This developer journey is intended for anyone who wants to experiment, learn, enhance and implement a new method for Predicting Equipment failure using IoT Sensor data. Sensors mounted on devices like IoT devices, Automated manufacturing like Robot arms, Process monitoring and Control equipment etc., collect and transmit data on a continuous basis which is Time stamped. The first step would be to identify if there is any substantial shift in the performance of the system using Time series data generated by a single IoT sensor. For a detailed flow on this topic, you can refer to the Change Point detection Developer Journey.
Once, a Change point is detected in one key operating parameter of the IoT equipment, then it makes sense to follow it up with a Test to predict if this recent shift will result in a failure of an equipment. This journey is an end to end walk through of a Prediction methodology that utilizes multivariate IoT data to predict any failure of an equipment. Bivariate prediction algorithm – Logistic Regression is used to implement this Prediction. Predictive packages in Python 2.0 software is used in this Journey with sample Sensor data loaded into the Data Science experience cloud. All the intermediary steps are modularized and all code open sourced to enable developers to use / modify the modules / sub-modules as they see fit for their specific application When you have completed this journey, you will understand how to
- Read IoT Sensor data stored in the Data base
- Configure the features and target variables for Prediction model
- Split the multivariate data into Train and Test datasets by configuring the ratio
- Train the model using Logistic Regression and measure the Prediction accuracy
- Score the Test data and measure Prediction accuracy
- Evaluate the Model’s Predictive performance further by computing a Confusion matrix
- Rerun experiments by changing the configuration parameters
- User signs up for IBM Data Science experience
- User loads the sample IoT sensor Time series data to database
- A configuration file holds all the key parameters for running the IoT Time series prediction algorithm
- The prediction algorithm written in Python 2.0 Jupyter notebook uses the Configuration parameters and Sensor data from DB
- Python Notebook runs on Spark in IBM DSX to ensure performance and scalability
- The outputs of the prediction algorithm is saved in Object storage for consumption
- IBM Data Science Experience: Analyze data using RStudio, Jupyter, and Python in a configured, collaborative environment that includes IBM value-adds, such as managed Spark.

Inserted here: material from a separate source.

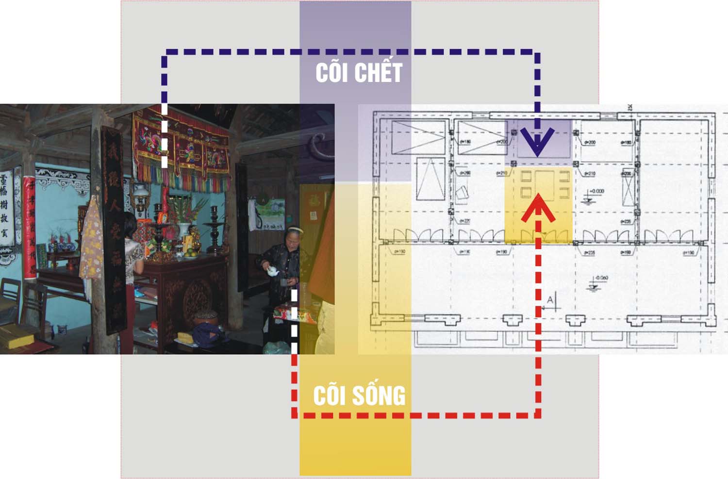 Không gian chính của ngôi nhà thường nằm ở vị trí trung tâm và có thể bao gồm 3 gian, 5 gian… liên tục được hòa vào nhau và không có sự ngăn cách về thị giác. Điểm nhấn chính của không gian này là ban thờ tổ tiên ở chính giữa, hai bên ban thờ thường bố trí giường/phản – nơi diễn ra các hoạt động sinh hoạt vào ban ngày và ngủ nghỉ của đàn ông vào ban đêm. Ban thờ chi phối các không gian còn lại và cả ứng xử của mọi người trong không gian chính, từ lời ăn tiếng nói đến tư thế ngồi, hướng nằm ngủ, và các hoạt động thường ngày khác… Chính trong không gian này ta có thể cảm nhận được sự giao hòa âm dương (tư tưởng xuất phát về bản chất của vũ trụ theo quan niệm của người Việt) bởi sự tồn tại của các cặp lưỡng phân và lưỡng hợp, trong đó điểm nhấn chính là cặp thiêng – tục, “cõi chết” – “cõi sống” với sự hòa nhập trọn vẹn của không gian dành cho người sống và không gian dành cho người đã khuất (Hình 2). Bằng cách đó, người ta tin rằng thế giới bên kia không quá xa xôi và ông bà tổ tiên có thể thường xuyên trở về phù hộ cho con cháu. Đây cũng là không gian mang tính hướng ngoại nhất của ngôi nhà, là nơi để những gia đình giàu có thể hiện đẳng cấp và vị thế xã hội của mình.

- DB2 Warehouse on cloud: IBM Db2 Warehouse on Cloud is a fully-managed, enterprise-class, cloud data warehouse service. Powered by IBM BLU Acceleration.
- Bluemix Object Storage: A Bluemix service that provides an unstructured cloud data store to build and deliver cost effective apps and services with high reliability and fast speed to market.
- Python 2.0: Python is a free software environment that has many applications in the field of Web and Internet development, Scientific and Numeric computing, Desktop GUIs, Software Development, Business Applications. It compiles and runs on a wide variety of UNIX platforms, Windows and MacOS.
- Jupyter Notebooks: An open-source web application that allows you to create and share documents that contain live code, equations, visualizations and explanatory text.
- Data Science: Systems and scientific methods to analyze structured and unstructured data in order to extract knowledge and insights.
- Analytics: Analytics delivers the value of data for the enterprise.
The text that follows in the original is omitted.